----- Study material
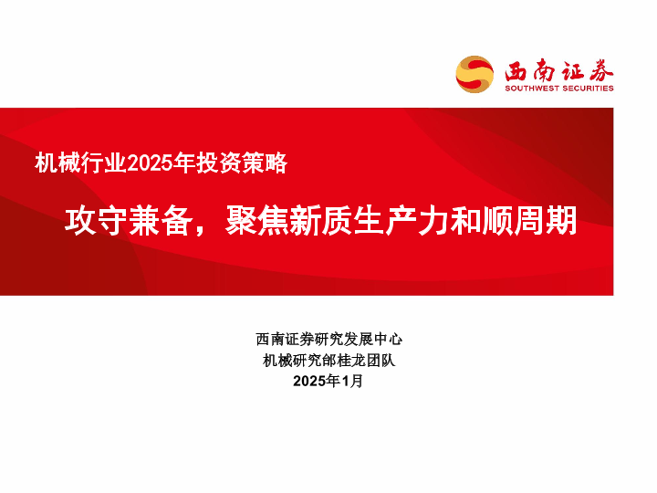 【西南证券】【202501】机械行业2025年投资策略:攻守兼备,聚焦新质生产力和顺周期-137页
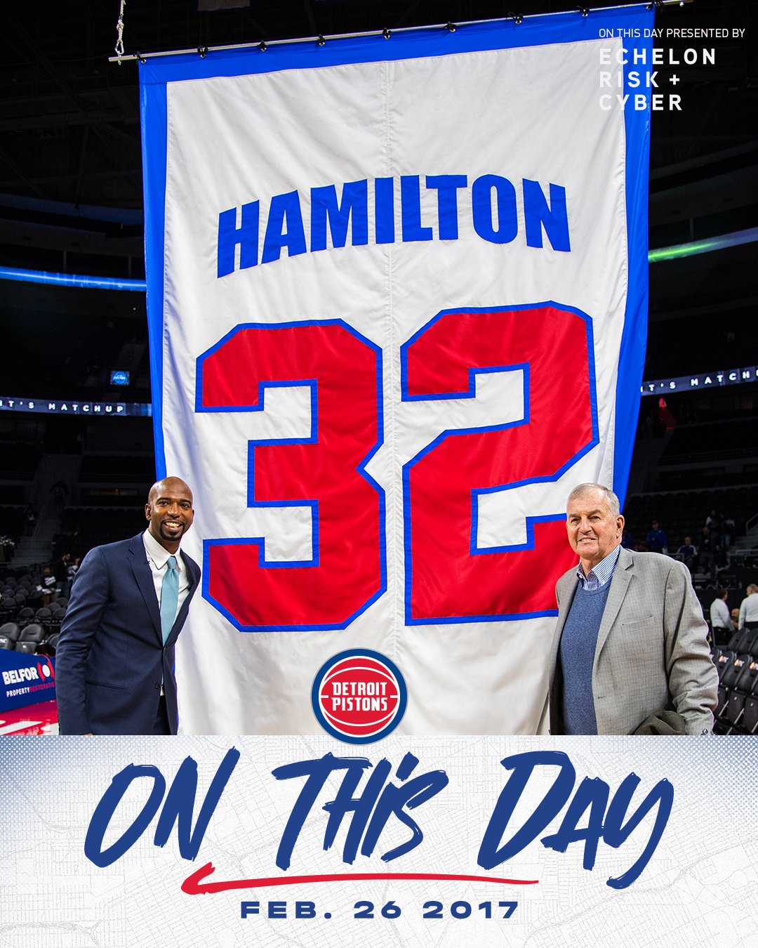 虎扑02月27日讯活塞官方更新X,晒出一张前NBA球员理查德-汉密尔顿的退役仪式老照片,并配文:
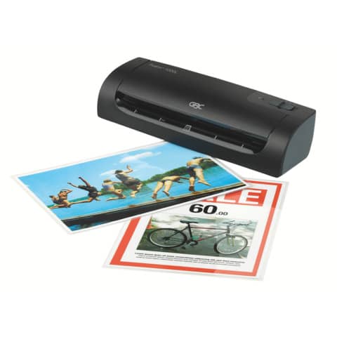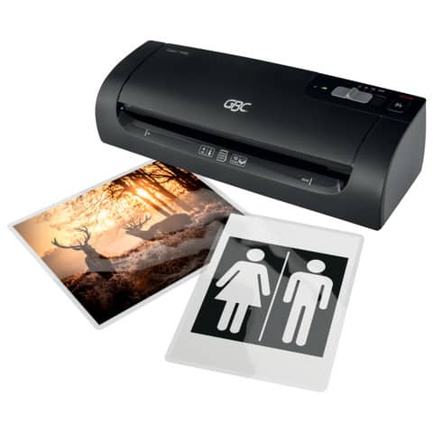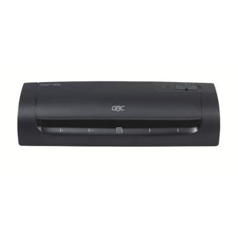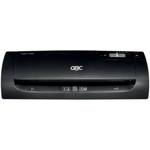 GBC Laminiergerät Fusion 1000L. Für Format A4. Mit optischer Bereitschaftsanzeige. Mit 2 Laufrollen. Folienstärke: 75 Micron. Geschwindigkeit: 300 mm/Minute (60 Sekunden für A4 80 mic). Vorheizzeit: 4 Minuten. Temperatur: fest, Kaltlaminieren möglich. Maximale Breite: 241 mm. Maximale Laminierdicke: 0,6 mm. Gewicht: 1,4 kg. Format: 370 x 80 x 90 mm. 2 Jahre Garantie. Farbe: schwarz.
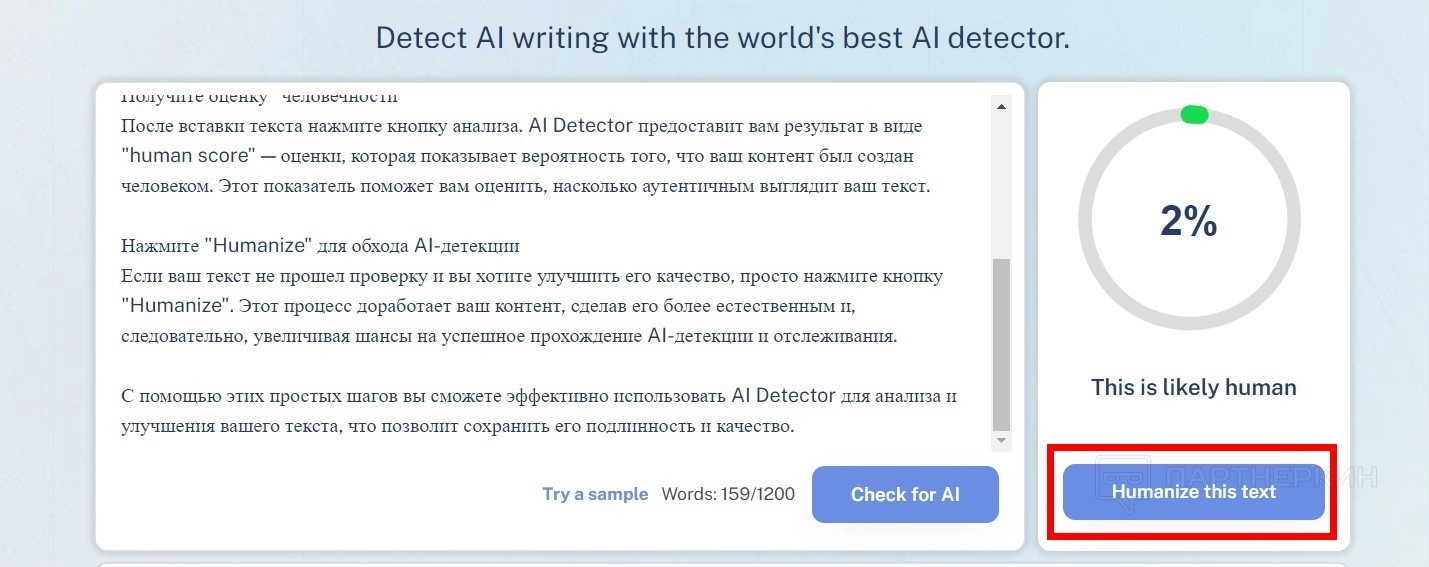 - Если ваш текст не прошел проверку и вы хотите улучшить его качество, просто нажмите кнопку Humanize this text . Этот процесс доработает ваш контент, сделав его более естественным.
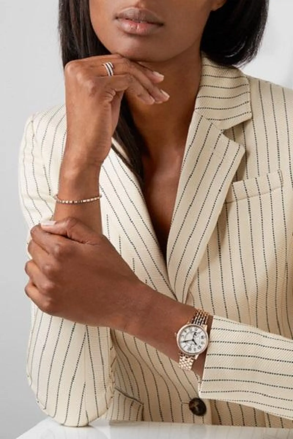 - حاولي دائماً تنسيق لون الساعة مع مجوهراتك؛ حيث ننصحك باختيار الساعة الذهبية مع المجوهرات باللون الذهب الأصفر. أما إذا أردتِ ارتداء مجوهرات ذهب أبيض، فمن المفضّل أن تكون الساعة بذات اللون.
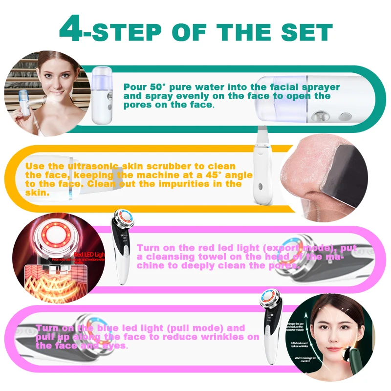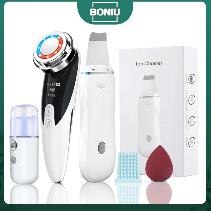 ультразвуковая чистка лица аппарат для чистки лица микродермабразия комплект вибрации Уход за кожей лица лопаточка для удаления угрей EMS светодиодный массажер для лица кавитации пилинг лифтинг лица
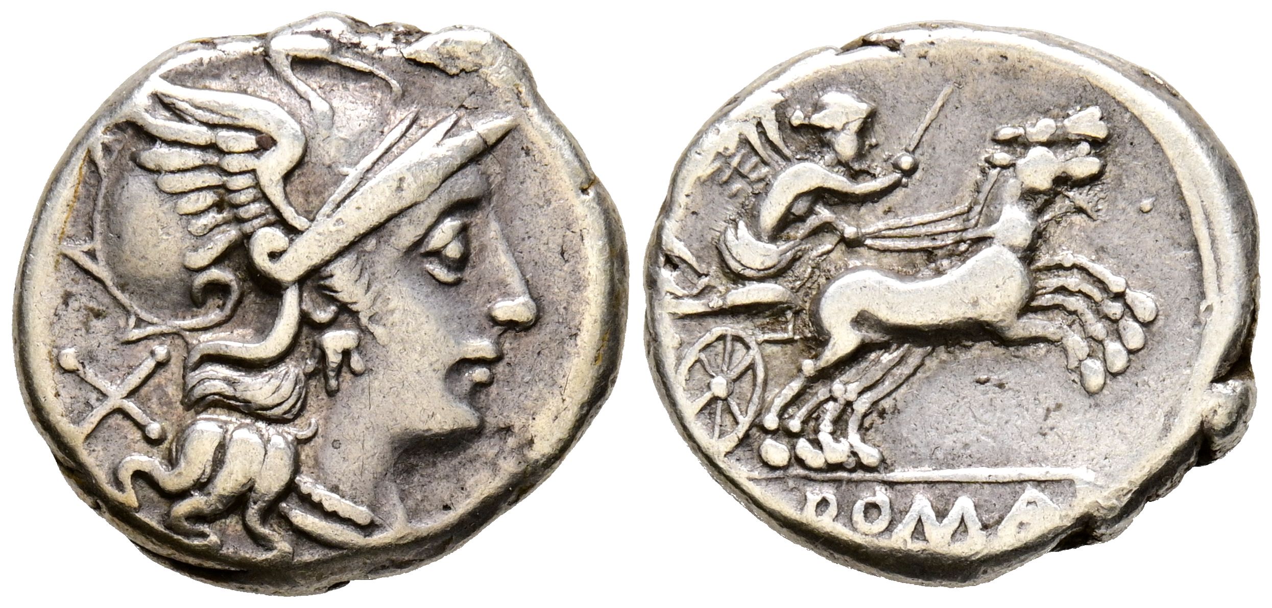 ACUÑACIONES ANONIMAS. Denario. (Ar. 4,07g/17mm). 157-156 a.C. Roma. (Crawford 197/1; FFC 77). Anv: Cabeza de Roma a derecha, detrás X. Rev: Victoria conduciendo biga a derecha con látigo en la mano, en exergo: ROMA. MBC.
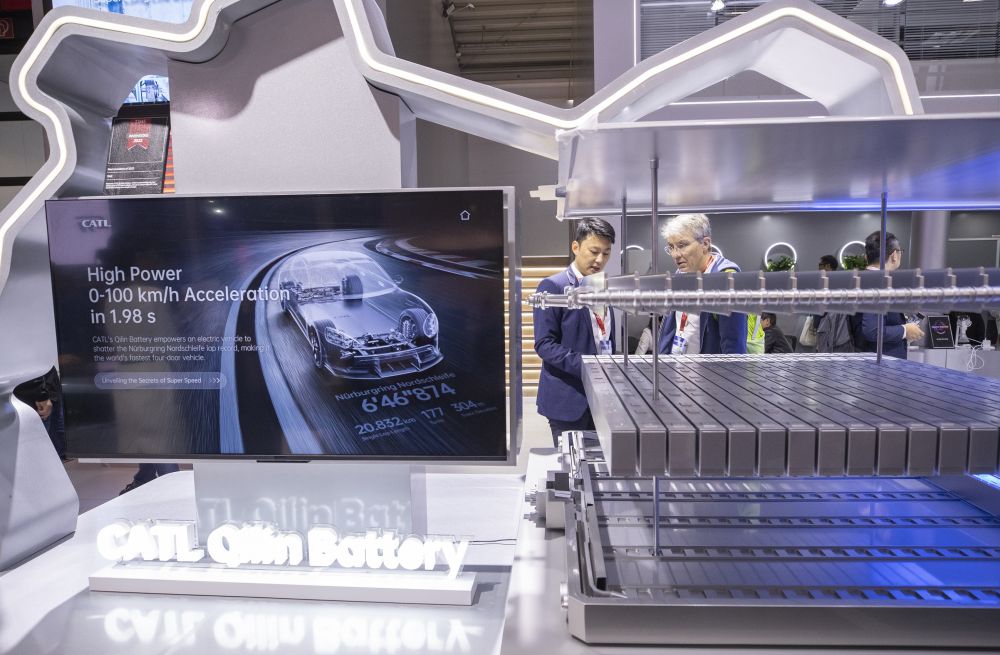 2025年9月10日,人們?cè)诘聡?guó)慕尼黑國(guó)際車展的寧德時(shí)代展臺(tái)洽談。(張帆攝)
----------
§ Instructions for the task: To complete this exercise, transcribe exactly the lines above from the one that holds "虎扑02月27日讯活塞官方更" through the one that holds "ультразвуковая чистка лица". Pictures stay out.

§ Result for this task:
 虎扑02月27日讯活塞官方更新X,晒出一张前NBA球员理查德-汉密尔顿的退役仪式老照片,并配文:
 GBC Laminiergerät Fusion 1000L. Für Format A4. Mit optischer Bereitschaftsanzeige. Mit 2 Laufrollen. Folienstärke: 75 Micron. Geschwindigkeit: 300 mm/Minute (60 Sekunden für A4 80 mic). Vorheizzeit: 4 Minuten. Temperatur: fest, Kaltlaminieren möglich. Maximale Breite: 241 mm. Maximale Laminierdicke: 0,6 mm. Gewicht: 1,4 kg. Format: 370 x 80 x 90 mm. 2 Jahre Garantie. Farbe: schwarz.
 - Если ваш текст не прошел проверку и вы хотите улучшить его качество, просто нажмите кнопку Humanize this text . Этот процесс доработает ваш контент, сделав его более естественным.
 - حاولي دائماً تنسيق لون الساعة مع مجوهراتك؛ حيث ننصحك باختيار الساعة الذهبية مع المجوهرات باللون الذهب الأصفر. أما إذا أردتِ ارتداء مجوهرات ذهب أبيض، فمن المفضّل أن تكون الساعة بذات اللون.
 ультразвуковая чистка лица аппарат для чистки лица микродермабразия комплект вибрации Уход за кожей лица лопаточка для удаления угрей EMS светодиодный массажер для лица кавитации пилинг лифтинг лица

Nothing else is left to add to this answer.